Fifty-Six + Nineteen = Trouble

an attempt at rejuvenationQ Dear Miss Abigail:

Well, here is one for you. I am a fifty-six-year-young man in good shape. I lift weights and run to mention a few things, and do them because they are fun for me, not for vain reasons. Yesterday at our library a nineteen-year-old girl gave me a look that just said “O.K., come and ask me!” Well I did, and we went for coffee and shared phone numbers and email addresses. Of course I am tempted ~ I’m only human and still very ready. What is your advice, Miss Abigail?

Signed,
Mr. Johnny

A Dear Mr. Johnny:

You don’t say whether you are married or not, so it’s kinda hard for me to answer properly. But I did stumble across this gem from The Sexual Conduct of Men and Women, by Norman Lockridge. It was written way back in 1956, when I think folks in their fifties were “elderly.” I bet you are particularly glad times have changed.

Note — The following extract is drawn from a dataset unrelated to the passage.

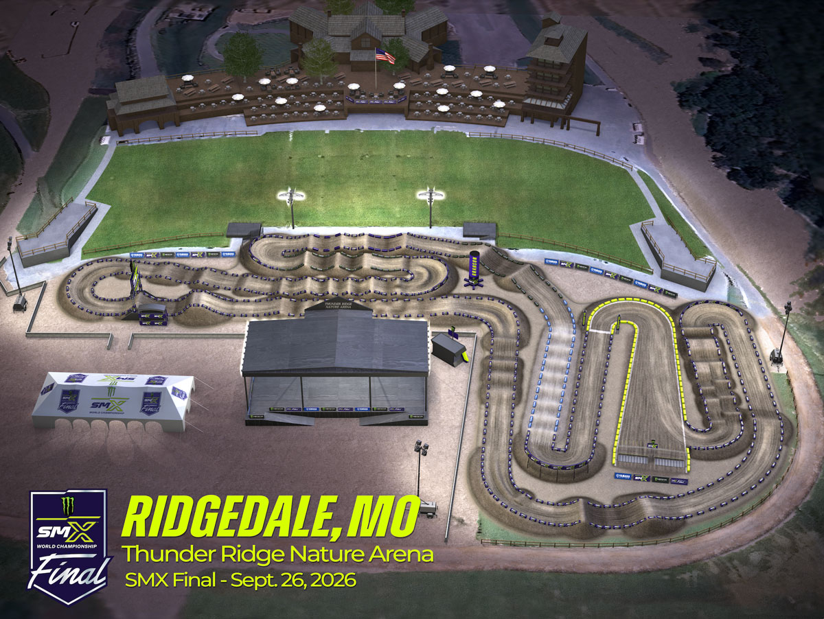 The Monster Energy SMX World Championship will culminate in a special Final at Thunder Ridge Nature Arena in Ridgedale, Missouri, which has already drawn rave reviews as one of the most picturesque and jaw-dropping venues in North America. Set within a stunning natural amphitheater, Thunder Ridge Nature Arena presents a one-of-a-kind outdoor experience that promises to create unforgettable memories by combining the natural beauty of the Ozarks with the striking architecture that seamlessly integrates into the surrounding environment. The SMX World Championship Final will offer world-class racing alongside a premier stay at Big Cedar Lodge, the Official Accommodations partner, featuring championship-level golf, exceptional restaurants and an immersive outdoor experience across its iconic resort. The natural terrain at Thunder Ridge Nature Arena will provide the most Motocross-inspired track design of this year’s postseason with natural elevation, rough sections, and one-of-a-kind viewing options close to the track that fans have come to expect.

1956: The Comforts of an Old Man

Elderly men who consort with young women expect nothing for which they do not pay, and are wiser than many therefore. At the price ~ and it is just as high as most people think it is ~ all they expect is not to be laughed at until their backs are turned, and that is about all they get. Considering the demands society makes on the individual male to show himself to be virile while he is young, it is rather unfair to heap ridicule upon the head of the male who still strives for the same reputation when he is becoming old. The ageing buck is a stock character of comedy, with his somewhat passe clothes, his Homburg and spats, his gaudy vest and knobbed cane. The young girls titter at his gallant essays, the professionals overcharge him, his cronies mark him down for a liar no matter what exploits of his youth he calls to memory. His diet is watched and remarked upon, and any out-of-the-way food he happens to care for is leeringly marked up as an attempt at rejuvenation. When that hour comes a man expects sympathy and even kindness from women. If he has lost it, he has lost it for them.